Published data shows that low dose chemotherapy administered to AML patients will bring about a low response. But when you add venetolax to even a very low dose of chemotherapy, the response rates double.
Venetoclax appears to be the first drug specifically developed for patients seventy-five or older and patients with medical problems that preclude them from receiving the standard of care (7+3).
For patients who do not have the aforementioned mutations, other newly-approved and well-tolerated drugs are now available.
Venetoclax is considered one of the most important new drugs to be used in the treatment of AML. It is an oral drug that has been used in the treatment of chronic lymphocytic leukemia. Venetoclax has recently been approved in combination with three other drugs to treat AML.
Cancer can be viewed as a disturbance in the balance between cell death and cell growth. Without cancer therapy, leukemia cells are able to escape cell death. When they are treated with chemotherapy alone, the cancer cells can activate processes that prevent them from dying.

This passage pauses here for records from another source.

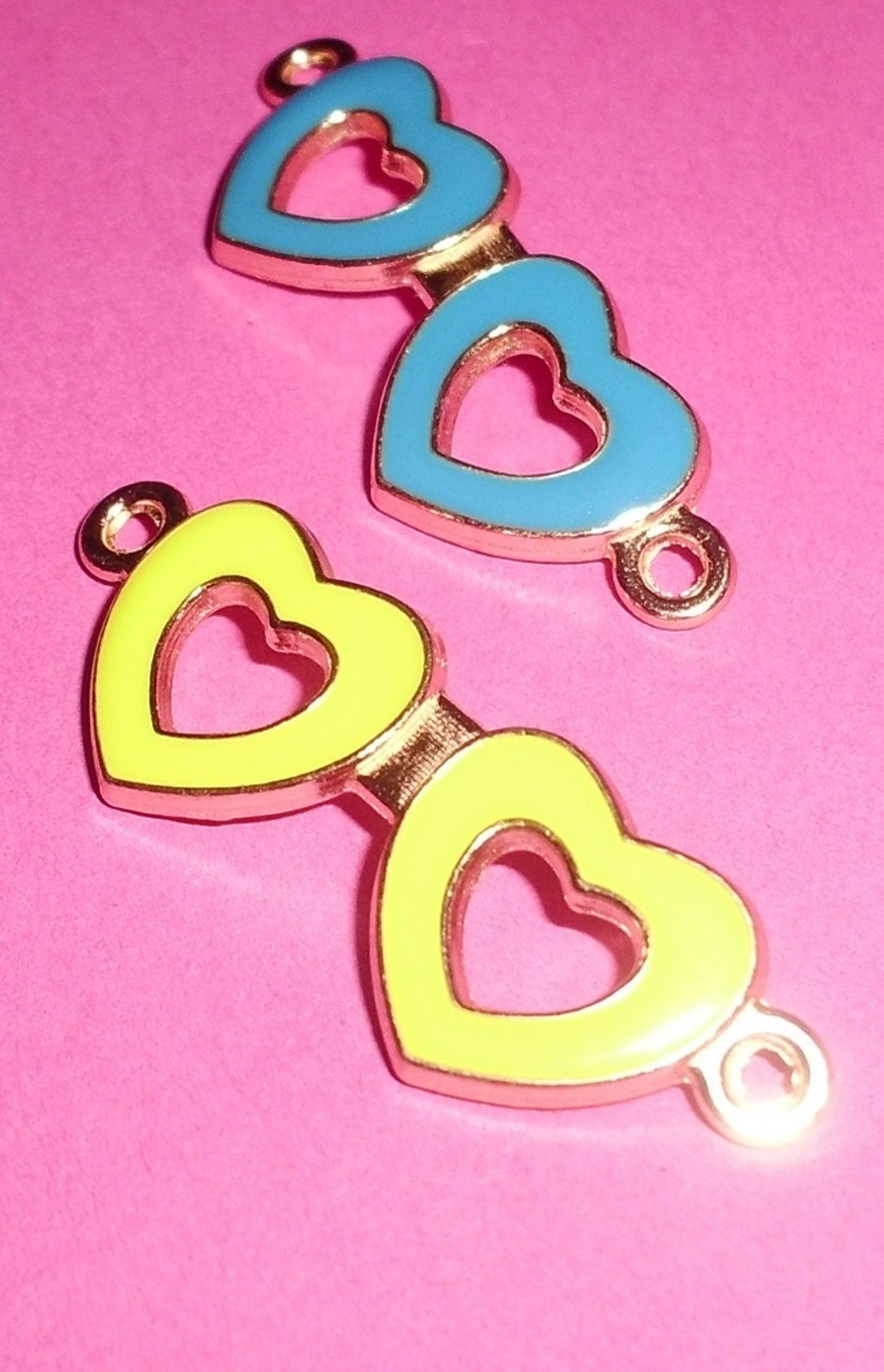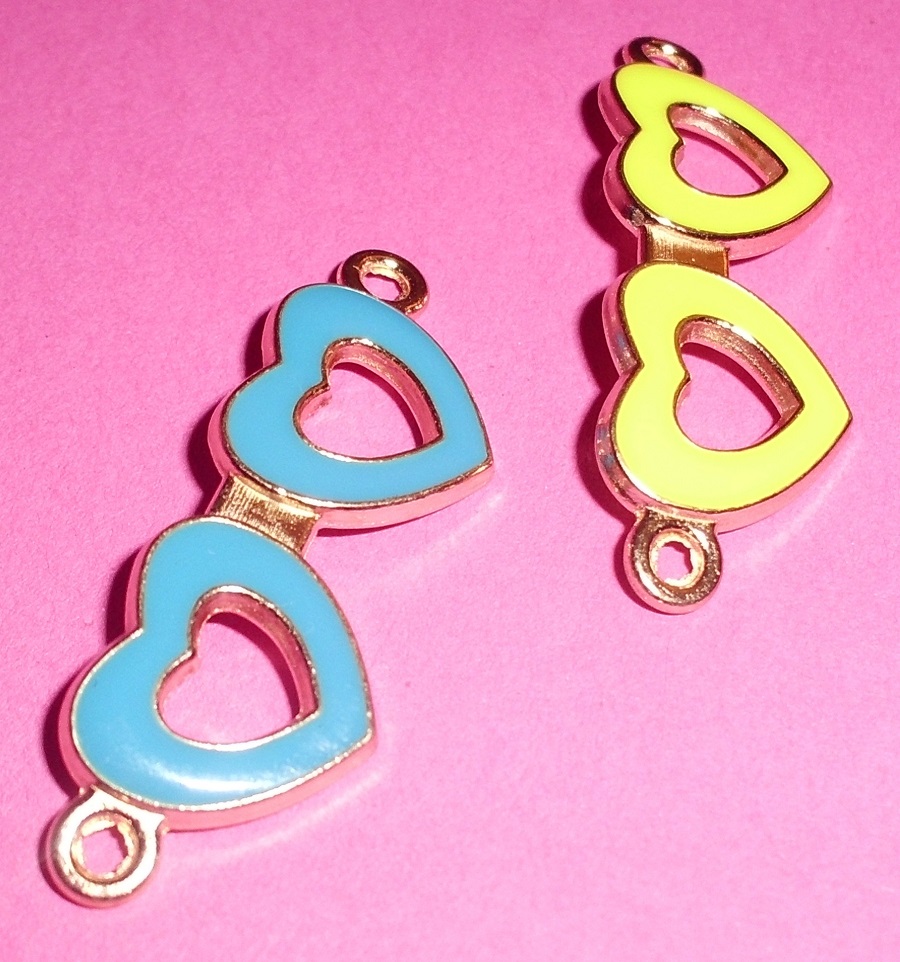 Kovový komponent v tvare dvojitých srdiečok, farba žltá so zlatým pozadím, veľkosť 35 x 15 mm, vhodný napr. na kabbalah náramky. Cena 0,50€/ks.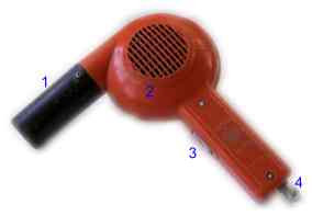 Sušilec sestavlja ohišje iz umetne mase v katerem je vgrajen elektromotor
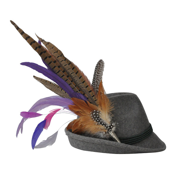 Eine elegante Kombination aus Fasanenfedern und gefärbten Hahnenschlappenfedern. Das Federgesteck wird an den Hut angesteckt und ist ein schönes Trachtenaccessoire für das Münchner Oktoberfest.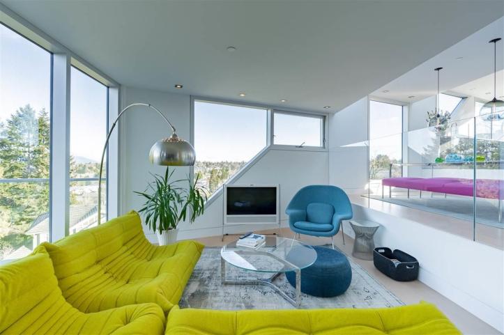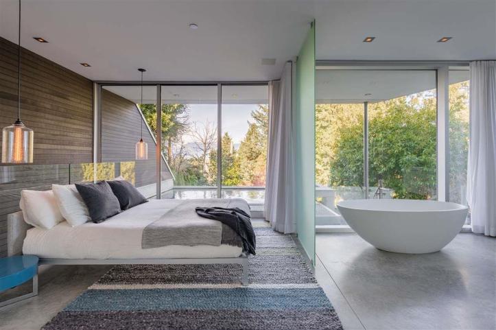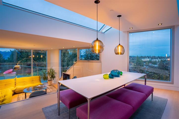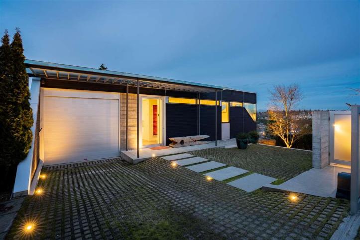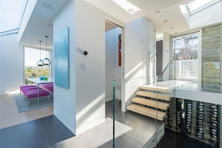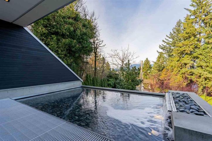 this one-of-a-kind architectural gem was originally built in 1972 and then extensively renovated in 2014 using modern construction techniques and materials such as exposed poured concrete walls, polished concrete floors, frameless triple paned windows, and horizontal cedar siding; all with a goal of staying true to the original design. the main floor is open and split into three levels cascading from the kitchen to the dining room to the living room ending on an expansive terrace – all offering views to the burrard inlet. the lower level, has three bedrooms and a den including a fabulous master suite with floor to ceiling windows overlooking a terrace and reflective pond and offering views to the north shore mountains. one final flight down is where the home office and gym can be found with sliding glass doors opening to the garden level patio with a gas fire pit. in floor glass panels, an outdoor fireplace, a custom glass 200+ bottle wine room, and a single attached garage complete this amazing home.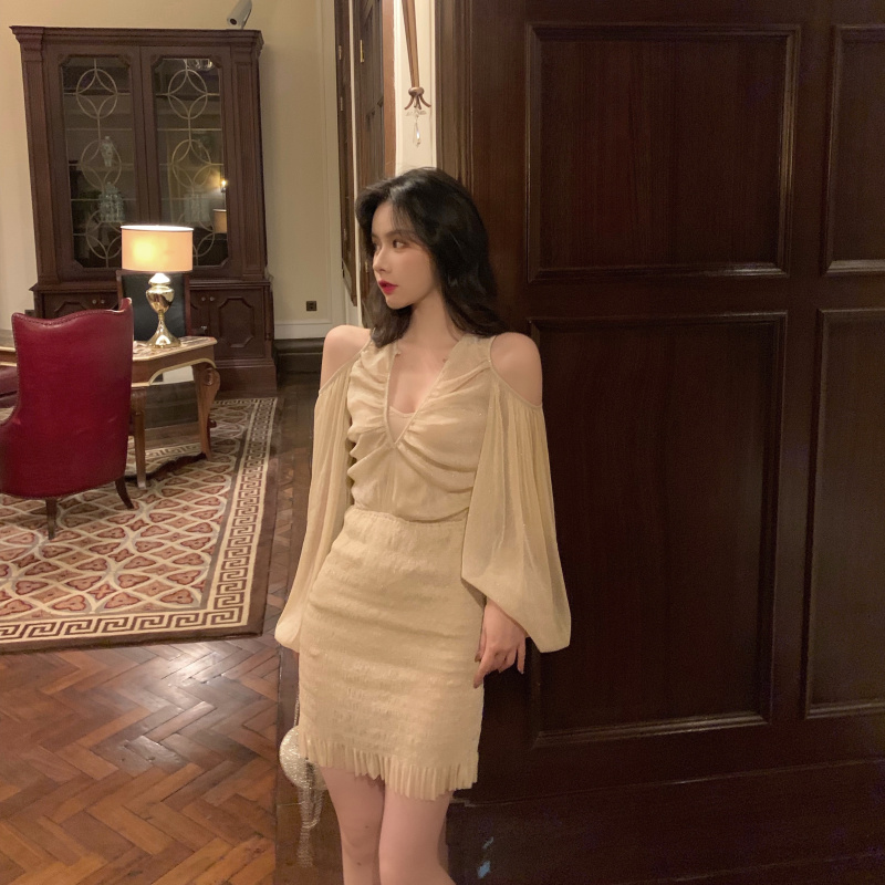 風水滴鏤空銀絲挖剪漏肩V領性感包臀短款氣質連衣裙1入

However, when you block a process called BCL-2 with venetoclax, the leukemia cells become sensitive to the chemotherapy and are destroyed.
About Response Rates
Results show that sixty to seventy percent of patients have benefited from venetoclax plus chemotherapy.
For years it was believed that patients 75 years or older would be unable to tolerate a bone marrow transplant that could completely eradicate AML. In a small study, thirty-one patients were administered venetoclax plus low dose chemotherapy.
These patients were eventually able to receive a bone marrow transplant and were still in remission after twelve months with two-thirds of those patients still alive at the two year mark.
About Maintenance Therapy
Looking back several decades we find that after the first round of the aggressive 7+3 induction, patients had been expected to undergo bone marrow transplant.
There are many reasons why this is not feasible. In lieu of a bone marrow transplant, two or three additional doses of chemotherapy would be administered to prevent the return of cancer. Many older patients were not able to tolerate these additional rounds.
Now a new oral drug called CC-486 has been developed and approved. It is being used as maintenance therapy for AML patients who are older or who have other illnesses that preclude them from receiving a bone marrow transplant.
CC-486 is taken fourteen days out of each month for one year. So far, it has been fifty percent effective in prolonging survival and delaying the time before the cancer returns. Its companion drug is decitabine which some clinicians claim is also effective in this setting.
One type of immunotherapy involves activating antibodies to recognize and bind to immune cells as well as cancer cells.
Another type of immunotherapy involves removing immune cells from patients and genetically modifying them in the lab. Then they are re-infused back into the body and target the AML cells.
Both of these processes have generated encouraging responses.
About Pediatric ALL
Dr. Wang ended her excellent presentation with very good news about acute lymphocytic leukemia (ALL). She explained that in the 1960s and 1970s the disease was ninety percent fatal.
By the year 2000, ninety percent of children with ALL survived. It is extremely encouraging to see the survival rate for these children change from only ten percent survival to over ninety percent.
Dr. Wang and her associates hope to see the same results for AML.